Last week, SoftBank CEO dissected Dish Network’s competing bid for Sprint, calling it "incomplete and illusory," but today he explained exactly why he thinks SoftBank is better poised than its competition to take control of the company: synergy. After introducing SoftBank's new summer phones at a carrier event in Tokyo, the CEO described its networking advancements like interference-reducing single frequency network (SFN) technology, and how he believed that they, along with its achievements in transfer speed and signal quality, would translate to benefits at Sprint.
"We're already using it on a large scale."
Fielding a question from a Bloomberg reporter, Son elaborated, saying that the synergies amounted to a significant difference in the assets that the competing companies brought to the table. He also took the occasion to remind everyone that the 2.5GHz TD-LTE spectrum that Sprint stands to acquire from Clearwire is the same band that SoftBank uses. "SoftBank 4G" TD-LTE service is "the first time in the world that this transmission method has been employed for commercial use, and we’re already using it on a large scale," the CEO explained.

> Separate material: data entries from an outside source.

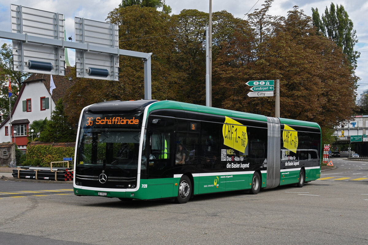 Mercedes eCitaro 7120, auf der Linie 36, fährt am 30.09.2024 bei der Haltestelle St. Jakob ein. Aufnahme Basel.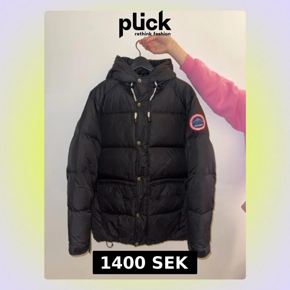 Svart pufferjacka från Tuxer med huva och snörning, storlek M. Jackan har ett broderat märke på ärmen, stora fickor framtill och knappar längs öppningen. Perfekt för kalla dagar med sin tjocka och quiltade design. Snygg och funktionell look. Mycket fint skick, är sparsamt använd.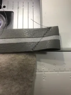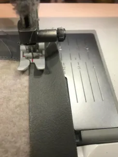 Met een rand biaisband maak ik het wat stoerder. Dit stik ik met mijn teflonvoetje rondom langs de deken. Ik leg het gewoon op de goede kant en stik het zichtbaar vast. Net voor de hoek stop ik met naaien, dan vouw ik het band terug en stik er een hoek in. Die knip ik kort af en dan naai ik het band de hoek om. Zo naai ik alle vier de hoeken.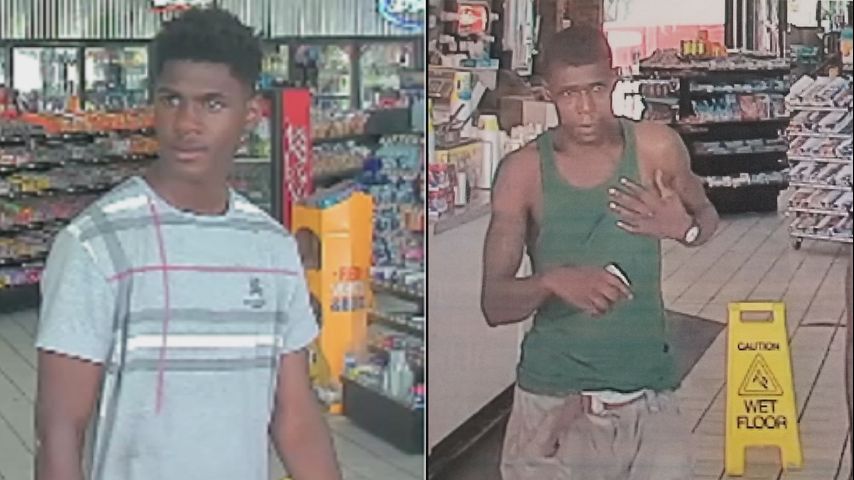 Officials say the two men, captured by surveillance video, stole a Chevrolet Aveo from the Speedy Junction on Highway 22 on July 31.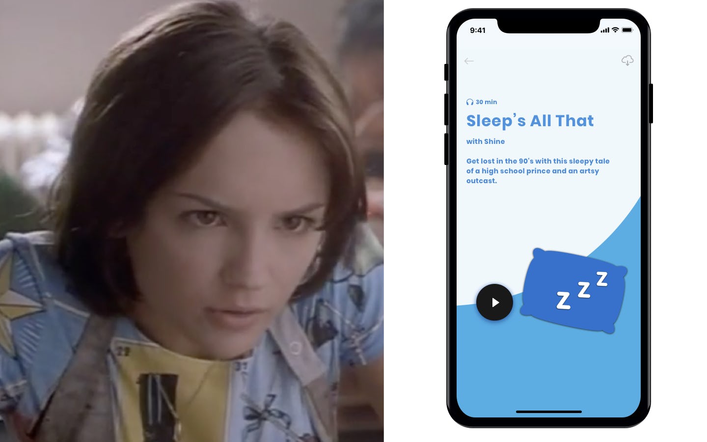 Remember when you were a teenager, and you’d plug in some cheesy rom-com just 'cause you were bored and knew you’d probably just fall asleep to it? Well, daily self-care app Shine is channeling that ‘90s movie nostalgia with new Sleep Stories that lull you to sleep with retellings of those same movies you’ve seen like a bajillion times. The new category of in-app audio tracks launches on Oct. 30 and includes favorites like She’s All That, Clueless, and Love and Basketball.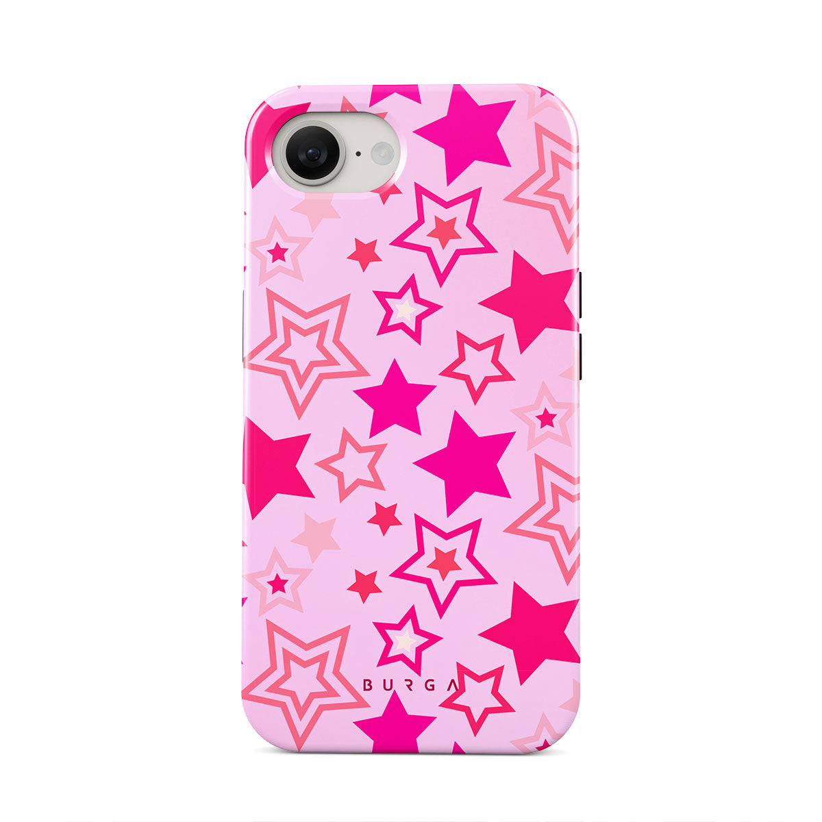 Buckle up for a starry ride, and let's twirl under the Plastic Sky. Neon stars shimmering across a cheeky rose-tinted galaxy create a playful space-disco atmosphere. Be the center of the universe with our Plastic Sky iPhone 16e phone case!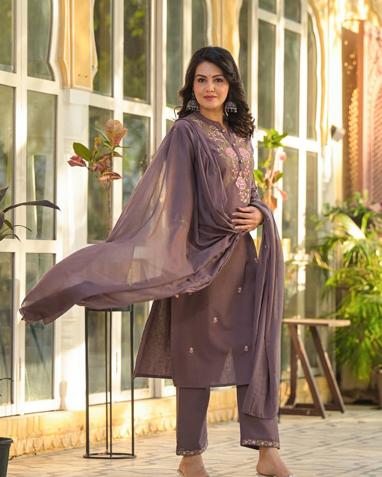 Discover elegance with this Purple Floral Embroidered Indian Straight Salwar Kameez Kurti Pant Dupatta Set for Women. The kurti features intricate Embroidery and floral designs that add a touch of sophistication. Made from high-quality cotton fabric, it ensures comfort and style. Perfect for festive occasions or casual outings, this set combines traditional charm with contemporary elegance.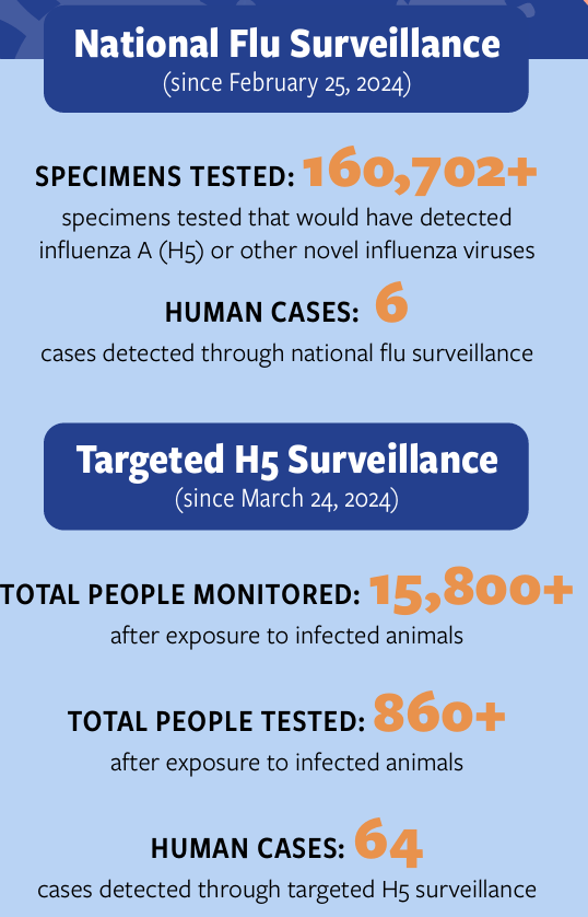From the beginning, the US has been on the back foot regarding surveillance for H5N1, which means it is vital that widespread efforts are made to increase testing. From additional wastewater surveillance sites to testing in higher-risk workers and economic protections for farmers/workers, there are steps we can take now to improve our stance in this outbreak.7

Later, when pressed on exactly why he thought that having deployed TD-LTE amounted to an advantage against Dish, Son explained that the big key in Sprint’s resuscitation would be its ability to quickly and efficiently utilize its new spectrum. "The partner that’s able to make best use of it is clearly SoftBank," he quipped. Whether that’s enough to assuage worries about potential lingual and cultural friction at America’s third-largest carrier will be settled with a shareholder vote on the SoftBank proposal in June.